Они были благополучны - здоровы, красивы, не по годам умны. Ничто не предвещало скорой странной развязки. Но она наступила. Алексей так захотел. Она рыдала, она просила, она просила просто объяснить... хотя бы сказать в чем она виновата?.. что она сделала не так?.. разве он ее не любит?.. почему он ее бросил?.. поступил с ней так жестоко... Их частые встречи в университете стали для нее нестерпимы. Пытка раздавленной любовью в вестибюле и коридорах, в буфете и спортзале... Встретив ее, я поразился перемене - потускнели глаза, ввалились ямочковые щечки, в углу рта родилась угрюмая морщинка... Через полгода она взяла академ и уехала. А когда вернулась, все будто было похоронено и безразличие поселилось в некогда искристых глазах.

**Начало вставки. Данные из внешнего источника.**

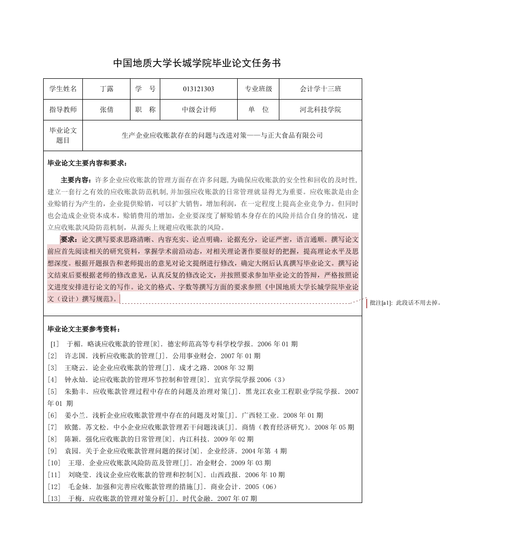 中国地质大学长城学院毕业论文任务书学生姓名丁露学号013121303专业班级会计学十三班指导教师张倩职称中级会计师单位河北科技学院毕业论文题目生产企业应收账款存在的问题与改进对策一一与正大食品有限公司毕业论文主要内容和要求:主要内容:许多企业应收账款的管理方面存在许多问题,为确保应收账款的安全性和回收的及时性,建立一套行之有效的应收账款防范机制,并加强应收账款的日常管理就显得尤为重要。应收账款是由企业赊销行为产生的,企业提供赊销,可以扩大销售,增加利润,在一定程度上提高企业竞争力。但同时也会造成企业资本成本,赊销费用的增加,企业要深度了解赊销本身存在的风险并结合自身的情况,建立应收账款风险防范机制,从源头上规避应收账款的风险。要求:论文撰写要求思路清晰、内容充实、论点明确,论据充分,论证严密,语言通顺。撰写论文前应首先阅读相关的研究资料,掌握学术前沿动态,对相关理论著作要很好的把握,提高理论水平及思想深度。根据开题报告和老师提出的意见对论文提纲进行修改,确定大纲后认真撰写毕业论文。撰写论文结束后要根据老师的修改意见,认真反复的修改论文,并按照要求参加毕业论文的答辩,严格按照论文进度安排进行论文的写作。论文的格式、字数等撰写方面的要求参照《中国地质大学长城学院毕业论文(设计)撰写规范》。批注a小:此段话不用去掉。毕业论文主要参考资料:[1]于楣.略谈应收账款的管理[R].德宏师范高等专科学校学报.2006年01期[2]许志国.浅析应收账款的管理[J刀.公用事业财会.2007年01期王晓云.论企业应收账款的管理[J刀.成才之路.2008年32期[4]钟永灿.论应收账款的管理环节控制和管理[].宜宾学院学报2006(3)[5]朱勤丰,应收账款管理过程中存在的问题及治理对策[J刀.黑龙江农业工程职业学院学报.2007年01期[6]姜小兰.浅析企业应收账款管理中存在的问题及对策[J刀.广西轻工业.2008年01期[7]欧懿.苏文松.中小企业应收账款管理若干问题浅谈[J刀.商情(教育经济研究).2008年05期[8]陈颗.强化应收账款的日常管理[R].内江科技.2009年02期[9]袁园.关于企业应收账款管理问题的探讨[.企业经济.2004年第4期[10]王璟.企业应收账款风险防范及管理[J刀.治金财会,2009年03期[11]刘晓莹.浅议企业应收账款的管理和控制[N].山西政报.2006年10期[12]毛金妹.加强和完善应收账款管理的措施[刀.商业会计.2005(06)[13]于梅.应收账款的管理对策分析[J].时代金融.2007年07期[14]Robert Cole.Lon Mahler.Consumer and Business Credit Management.IrwinMcGraw-Hillcompanies.1998 [15]Michael Dennis.Credit and Collection Handbook.Prentice Hall.1999毕业论文应完成的主要工作:1.利用中国知网、维普、万方等数据库完成与毕业论文相关内容的论文的检索:利用图书馆的图书资源查阅相关的理论内容:充分的利用互联网进行资料的检索收集。2.与实习相关的选题要注意在实习过程中观察收集相关的数据:要做实证方面的论文要多方面搜集相关的地区及国家发布的统计数据。3.认真撰写开题报告,并对开题报告中指导教师所提出的意见进行修改。4.认真撰写论文,并根据指导教师的意见进行修改。5.论文定稿之后,按照要求进行毕业论文的答辩。毕业论文进度安排:序号毕业论文各阶段内容时间安排备注确定毕业论文的选题,收集资料,整理资料,12015-10-15至2015-10-31完成论文的任务书编写论文提纲,撰写开题报告,进行开题。2015-11-1至2015-11-203实习期间进行一步查找资料,作社会调查。2015-11-21至2015-11-304撰写论文,完成第一稿,并交指导教师2015-12-1至2016-1-155指导教师阅改论文。2016-1-16至2016-1-316修改论文,完成第2稿,并交指导教师。2016-2-1至2016-2-297指导教师阅改论文,完成中期检查表。2016-3-1至2016-3-15修改论文,完成第3稿,并交指导教师。2016-3-16至20164-10指导教师阅改论文,并返还学生,修改后立即交指导教师。20164-11至20164-3010专家评阅。2016-5-1至2016-5-1011毕业论文答辩。2016-5-11至2016-5-2412评定学生最终论文成绩,评出院内优秀论文。2016-5-25至2016-5-31课题信息:课题性质:设计口论文√课题来源:教学√科研口生产口其它口发出任务书日期:指导教师签名:年月日教研室意见:教研室主任签名:年月日学生签名:
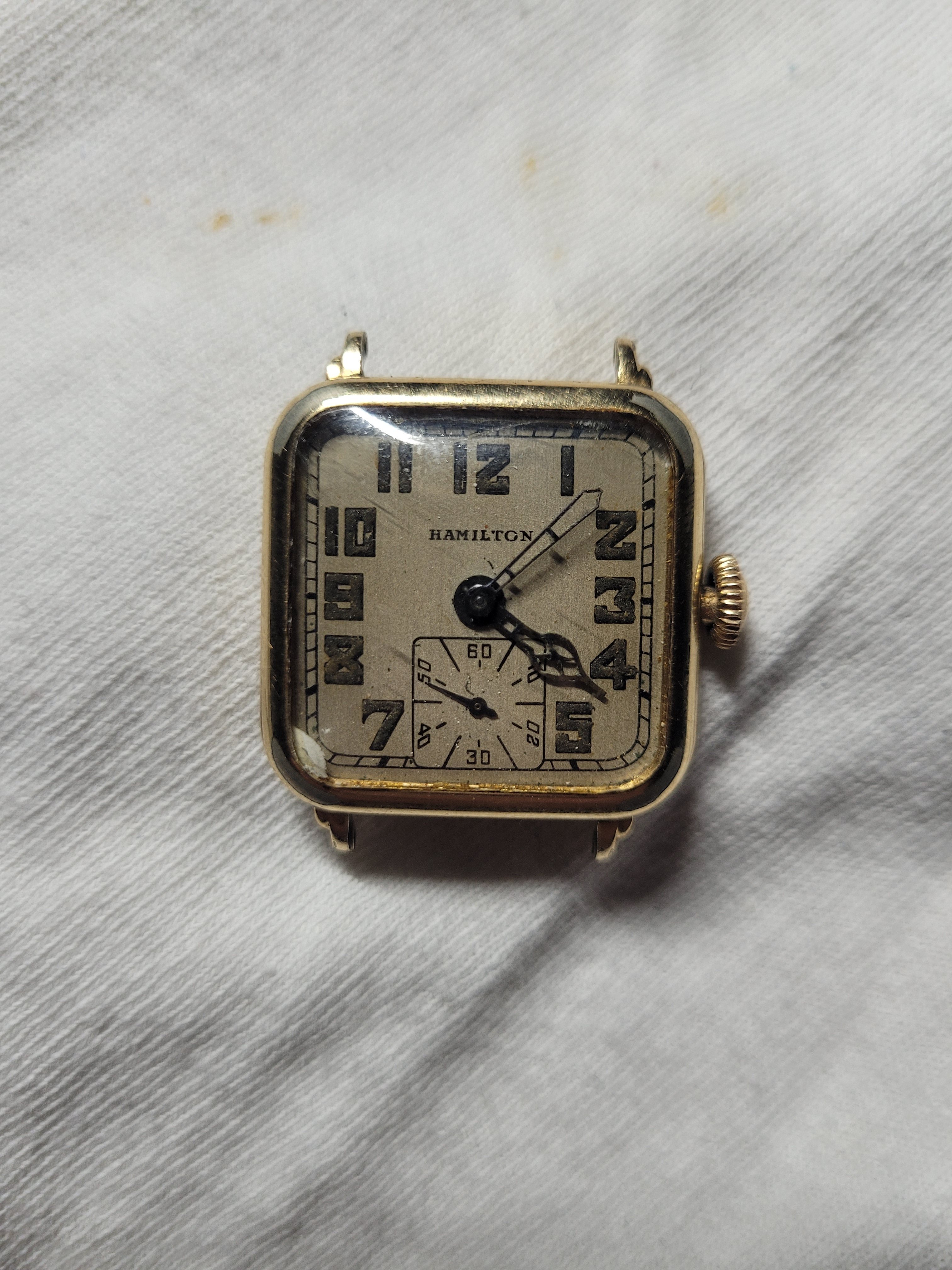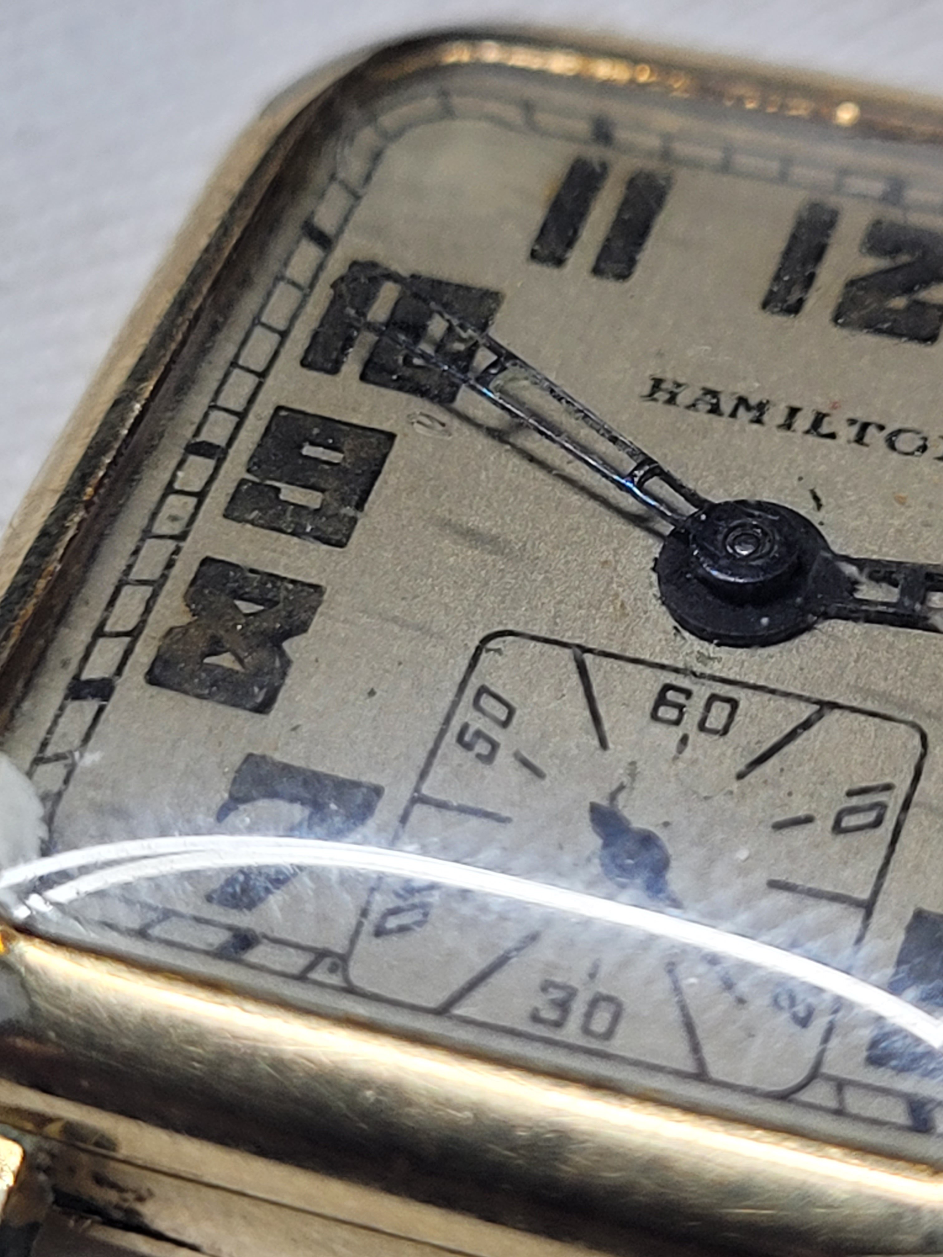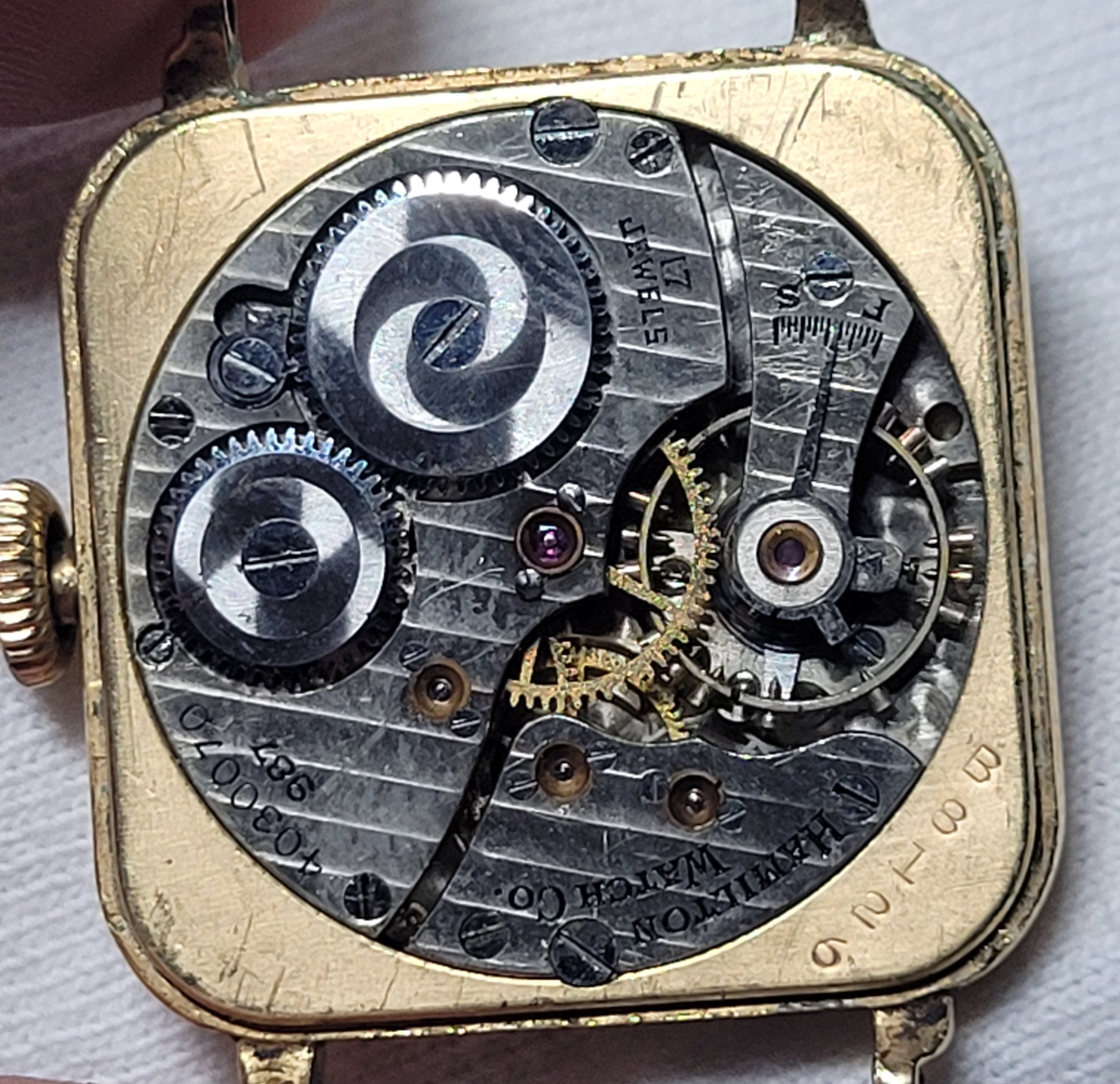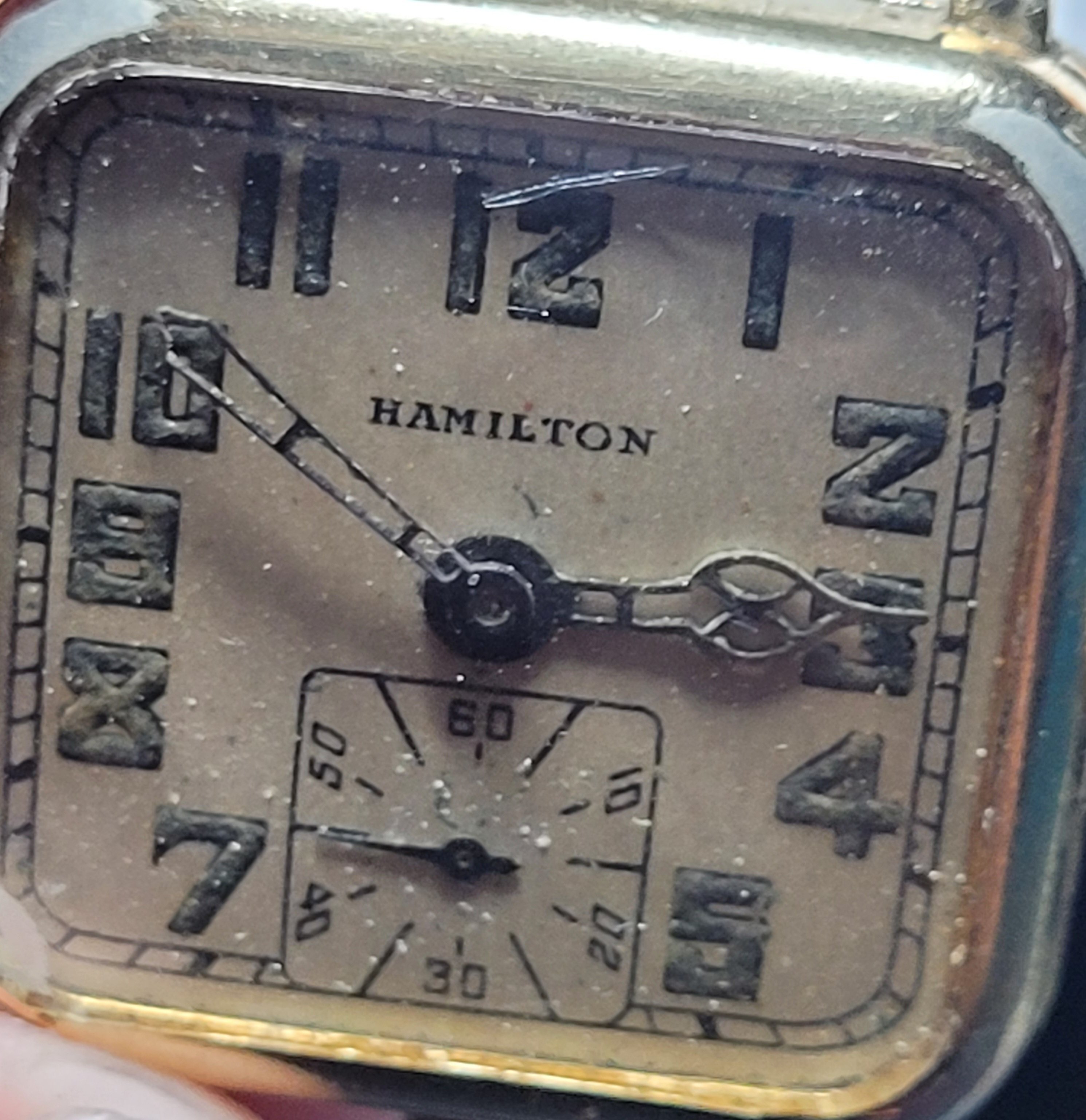 ·Going through more of my grandfathers things and came across this neat but very old looking square Hamilton watch. Watch was not too happy to being wound so I immediately stopped when I felt resistance when I first tried. It did start running but needs a very good service. Was able to open it up. Hopefully the inside will help too. I tried looking up the general serial number which looks to put it in the 30s? Everything on the dial looks original. I don't think it was ever touched? Funny enough when I shined a bright light on it and killed the lights. There was a tiiiiiiny bit of glow on the very edge of the minute hand. would definitely like to keep it and wear it on occasion. So I'll have it serviced. Hopefully they won't touch the hands since I love how they look. Thanks in advance!

Вы, может быть, скажете: к чему все эти банальные истории любви, все эти истасканные шаблоны и штампы? Скажете, что романтическим сюсюканьем сыты по горло, что вас оно не интересует... Тогда поскорее закройте эту книгу. Добавлю лишь, напоследок, что жизнь и есть не что иное, как набор дряхленьких шаблонов и штампов, что она исполнена романтического бреда, театральных страстей и невсамделишных трагедий... Люди вообще все одинаковы - только притворяются по-разному.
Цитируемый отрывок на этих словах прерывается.